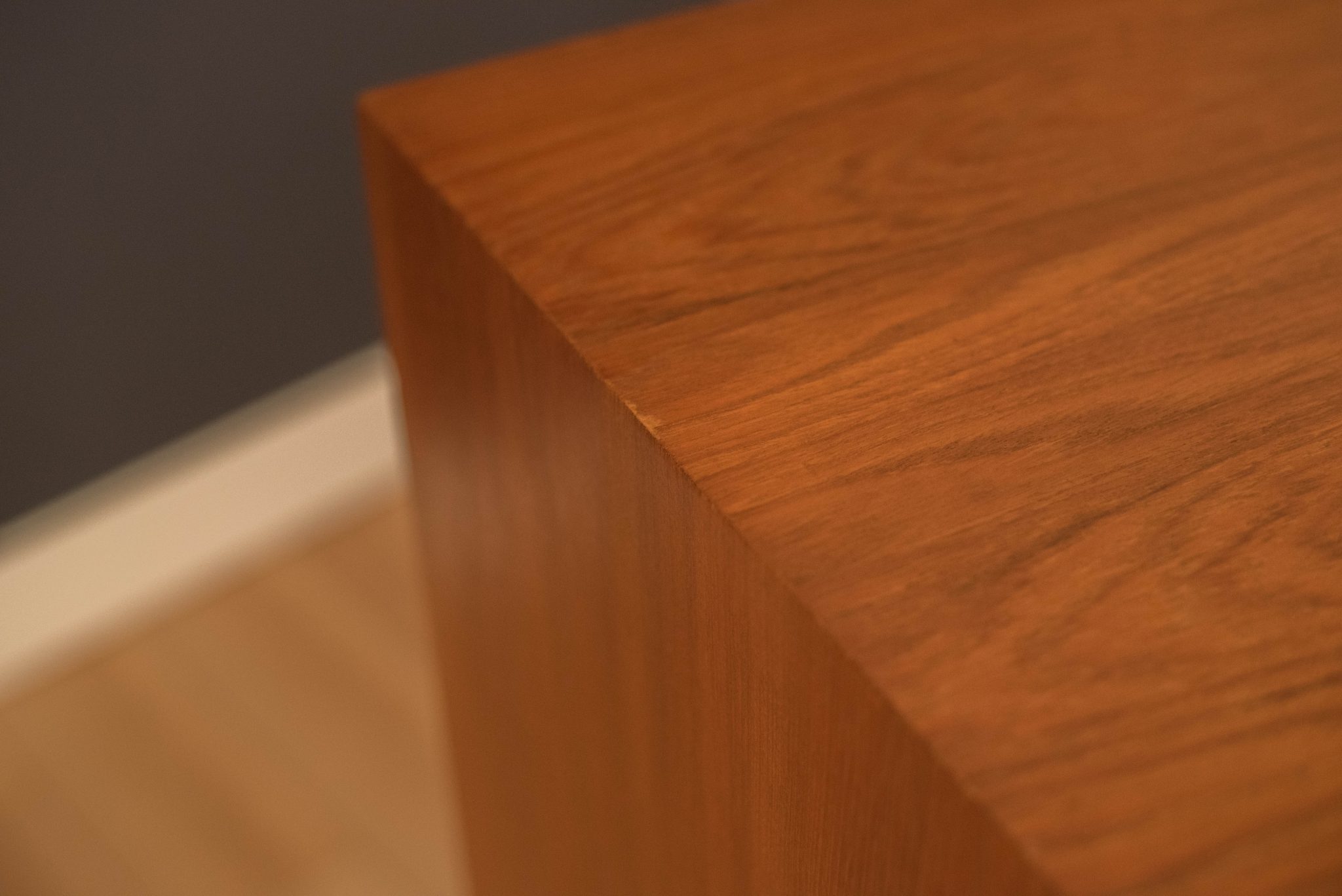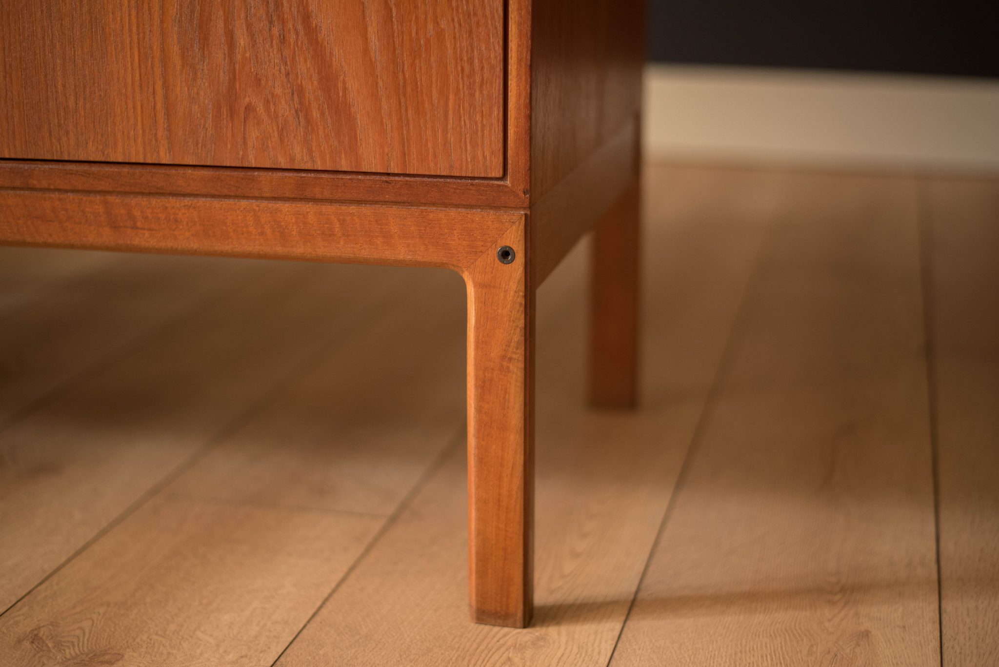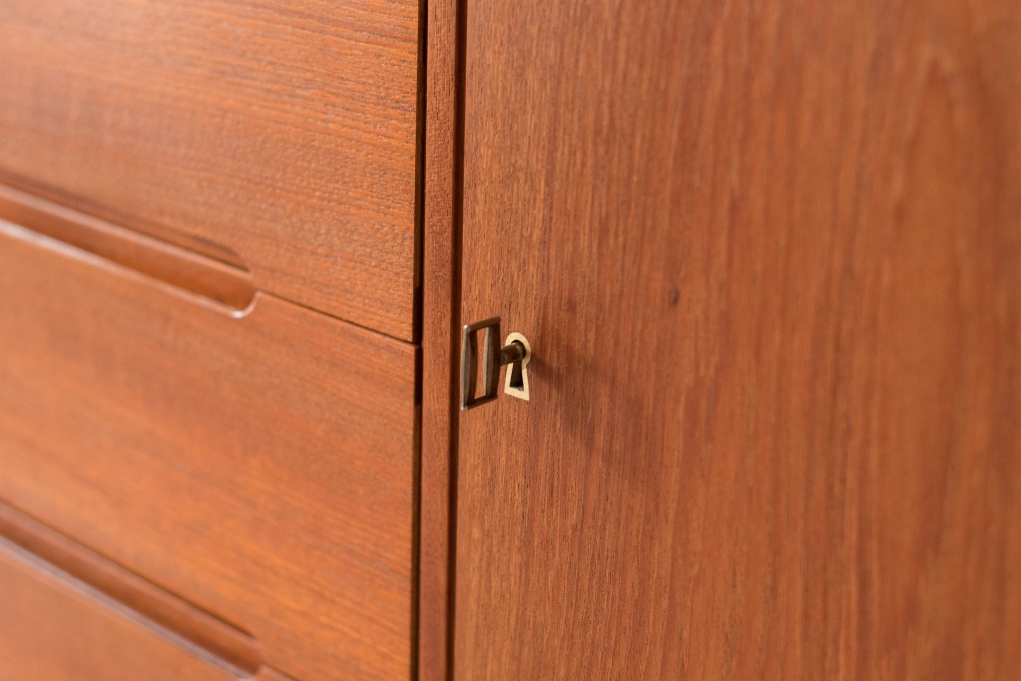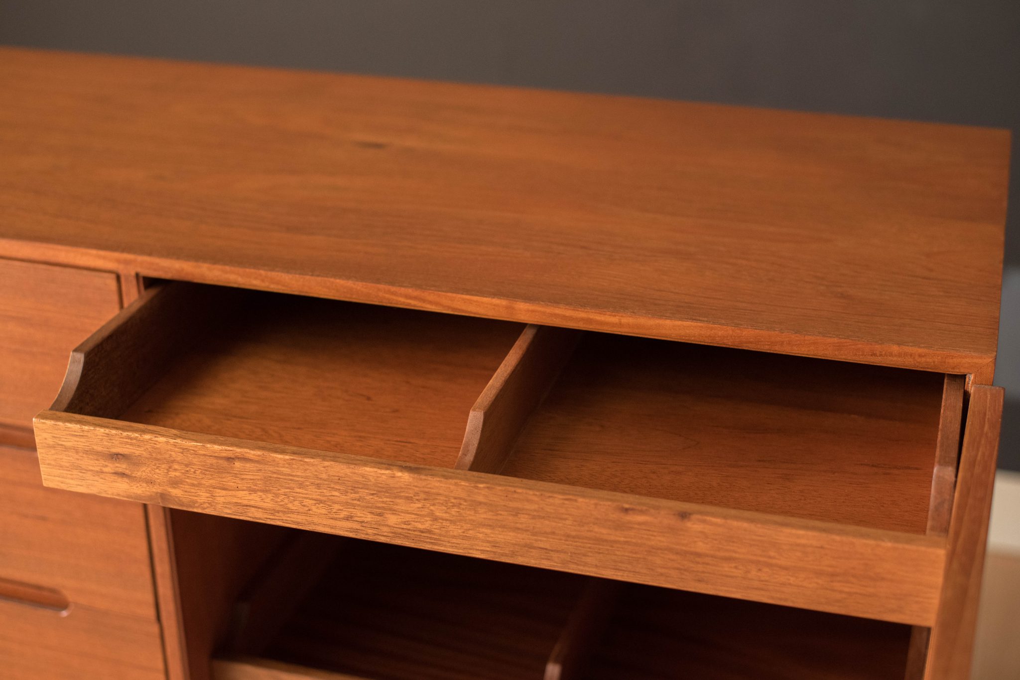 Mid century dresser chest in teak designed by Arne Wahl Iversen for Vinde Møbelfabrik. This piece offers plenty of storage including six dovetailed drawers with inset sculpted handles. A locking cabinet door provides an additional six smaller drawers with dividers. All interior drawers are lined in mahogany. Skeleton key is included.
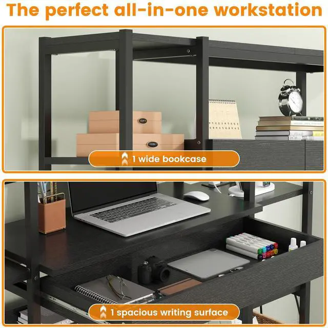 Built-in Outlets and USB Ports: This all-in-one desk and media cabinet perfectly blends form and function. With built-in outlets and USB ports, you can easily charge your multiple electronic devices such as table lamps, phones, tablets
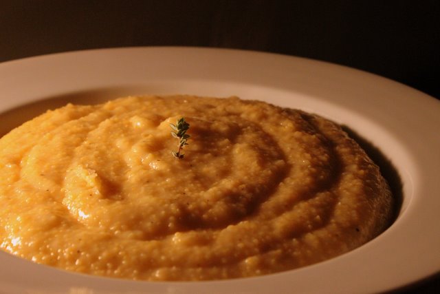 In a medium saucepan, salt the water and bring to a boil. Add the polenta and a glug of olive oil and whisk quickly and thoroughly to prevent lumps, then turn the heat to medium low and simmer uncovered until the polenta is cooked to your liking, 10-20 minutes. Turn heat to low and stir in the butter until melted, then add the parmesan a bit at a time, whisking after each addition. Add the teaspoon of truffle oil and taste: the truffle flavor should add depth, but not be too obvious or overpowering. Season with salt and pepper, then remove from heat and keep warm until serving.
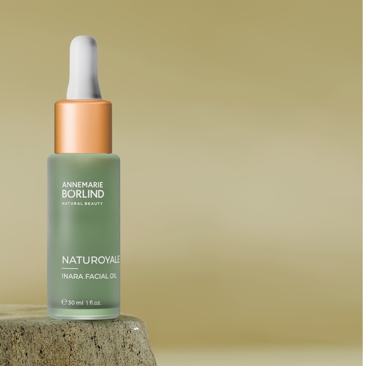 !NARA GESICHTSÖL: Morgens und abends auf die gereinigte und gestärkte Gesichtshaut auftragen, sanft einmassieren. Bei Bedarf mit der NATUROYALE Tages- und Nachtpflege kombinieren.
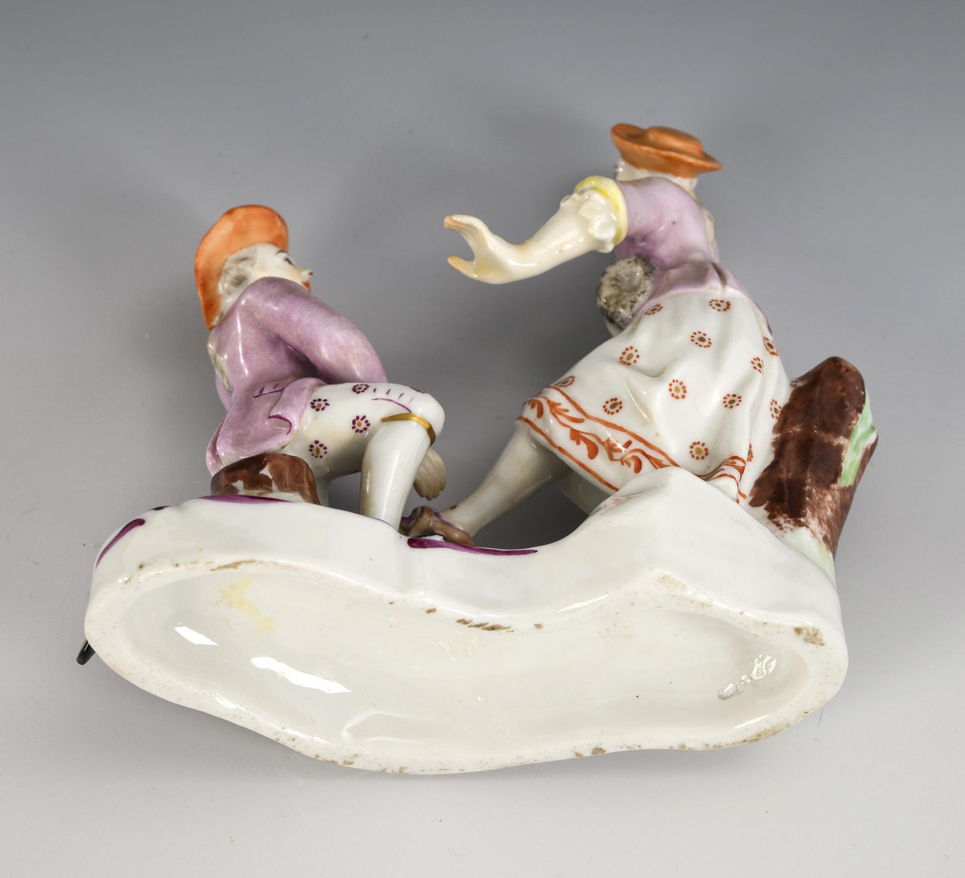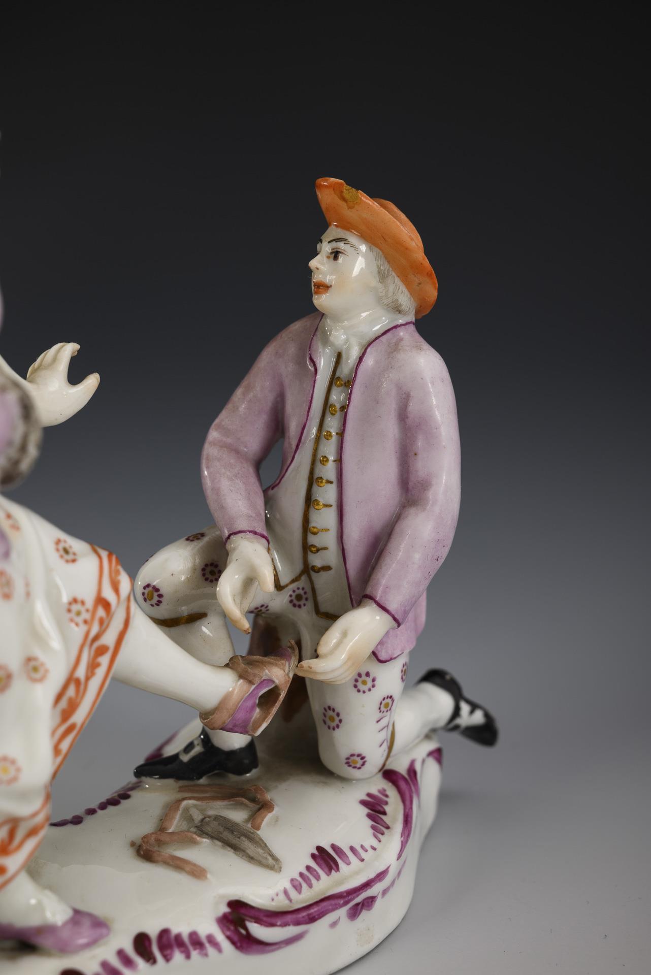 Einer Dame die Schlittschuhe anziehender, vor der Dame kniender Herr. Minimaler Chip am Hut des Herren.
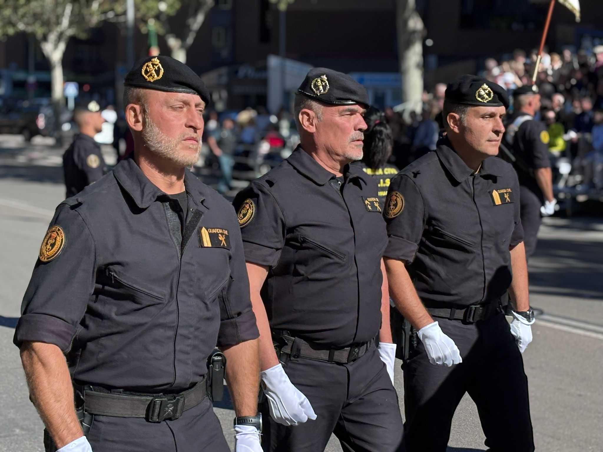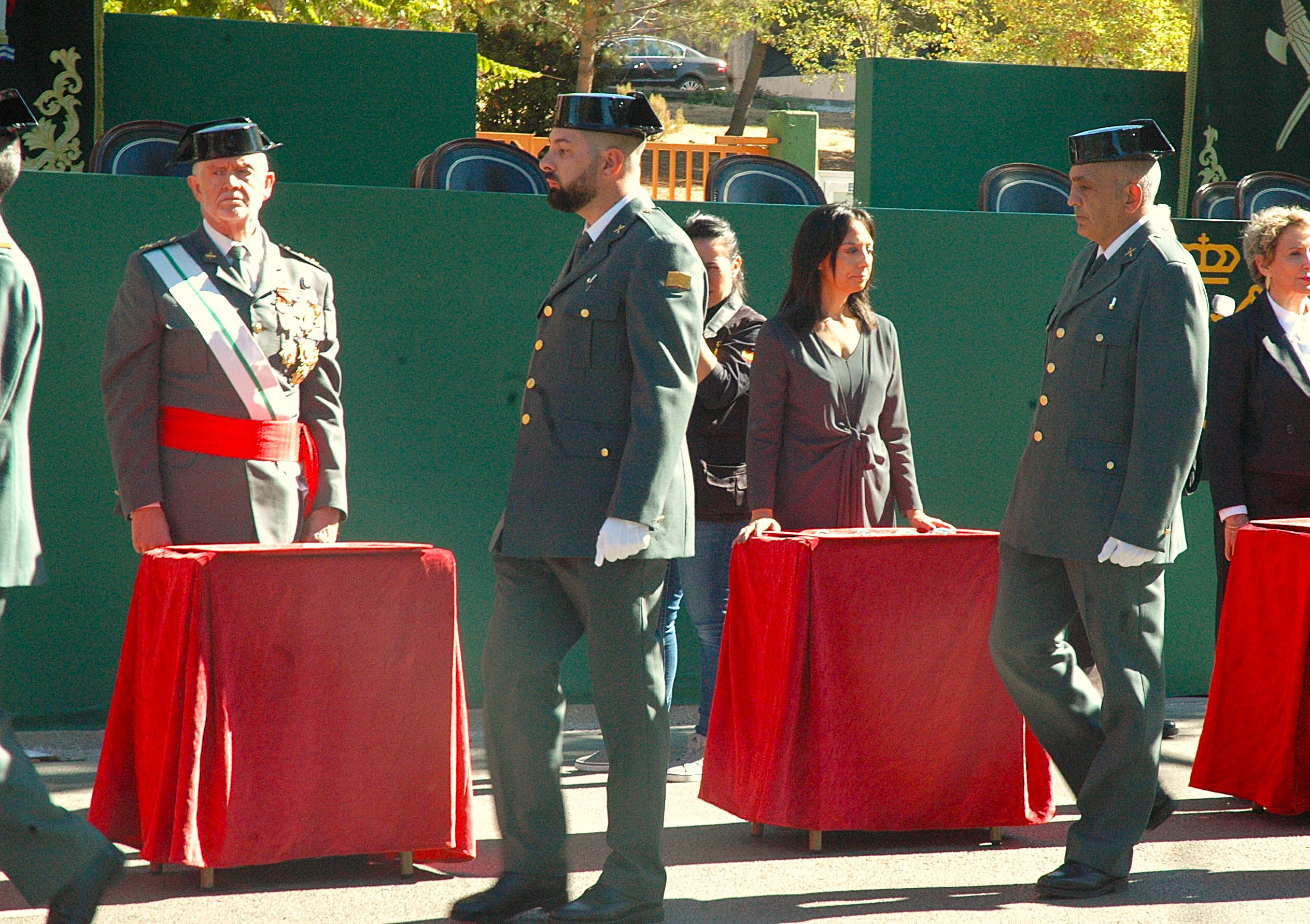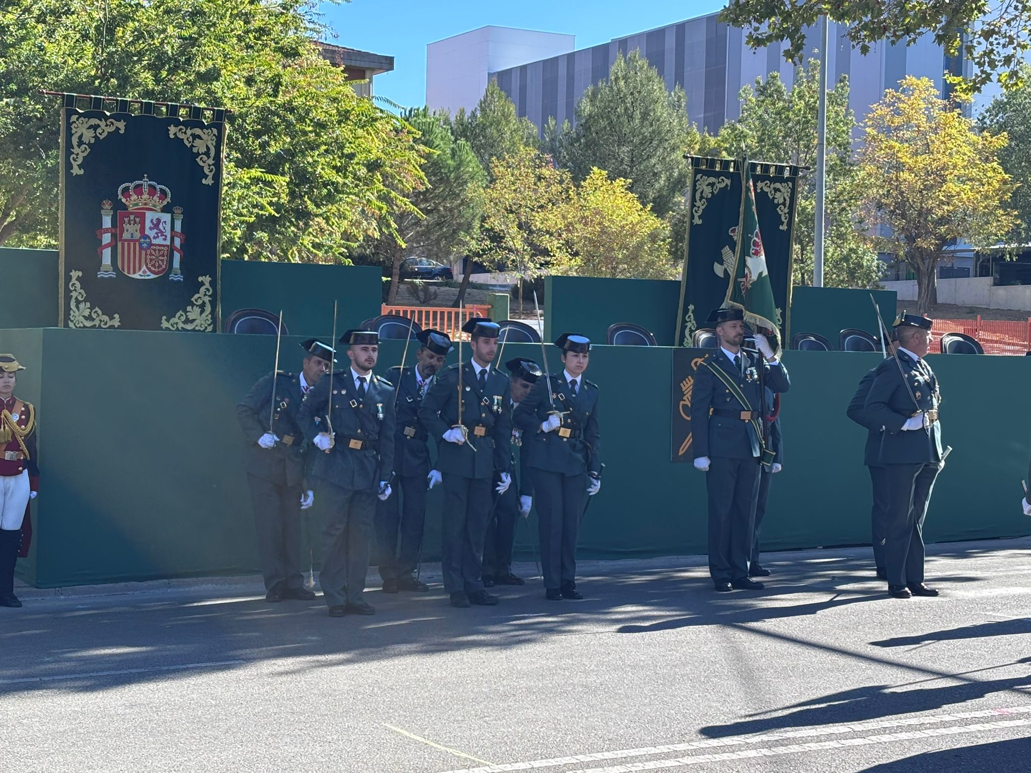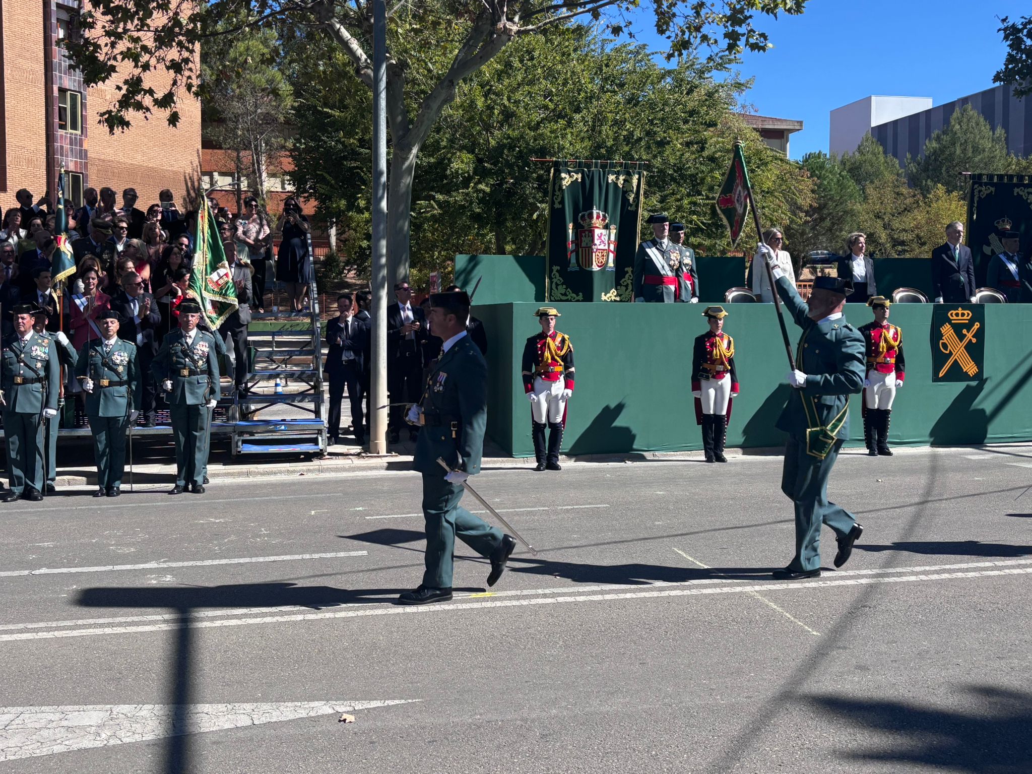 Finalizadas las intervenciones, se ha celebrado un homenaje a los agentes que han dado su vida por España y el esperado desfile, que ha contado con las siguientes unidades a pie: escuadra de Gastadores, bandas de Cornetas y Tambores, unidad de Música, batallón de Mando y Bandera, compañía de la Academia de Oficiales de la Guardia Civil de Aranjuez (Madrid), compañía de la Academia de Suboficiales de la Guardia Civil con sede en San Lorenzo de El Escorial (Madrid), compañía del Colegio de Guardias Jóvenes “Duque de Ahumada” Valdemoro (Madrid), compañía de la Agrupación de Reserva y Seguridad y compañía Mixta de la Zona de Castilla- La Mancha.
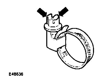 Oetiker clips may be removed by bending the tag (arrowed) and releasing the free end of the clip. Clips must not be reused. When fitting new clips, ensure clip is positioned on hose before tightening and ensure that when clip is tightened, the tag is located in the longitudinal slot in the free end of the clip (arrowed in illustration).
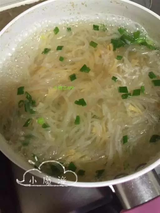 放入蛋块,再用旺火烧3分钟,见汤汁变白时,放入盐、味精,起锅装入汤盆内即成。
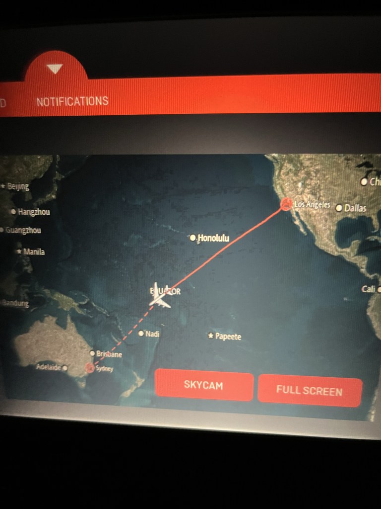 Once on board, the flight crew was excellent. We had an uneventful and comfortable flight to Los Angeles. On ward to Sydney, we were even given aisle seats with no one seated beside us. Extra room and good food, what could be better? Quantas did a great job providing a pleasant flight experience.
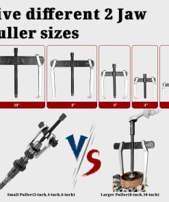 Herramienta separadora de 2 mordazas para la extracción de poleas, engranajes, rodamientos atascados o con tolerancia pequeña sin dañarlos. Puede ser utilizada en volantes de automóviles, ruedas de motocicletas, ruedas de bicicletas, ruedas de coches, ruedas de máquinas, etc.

= = = = =

Give back exactly the lines from the one with "Once on board, the" through the end of the records above, inclusive, and omit any pictures.

 Once on board, the flight crew was excellent. We had an uneventful and comfortable flight to Los Angeles. On ward to Sydney, we were even given aisle seats with no one seated beside us. Extra room and good food, what could be better? Quantas did a great job providing a pleasant flight experience.
 Herramienta separadora de 2 mordazas para la extracción de poleas, engranajes, rodamientos atascados o con tolerancia pequeña sin dañarlos. Puede ser utilizada en volantes de automóviles, ruedas de motocicletas, ruedas de bicicletas, ruedas de coches, ruedas de máquinas, etc.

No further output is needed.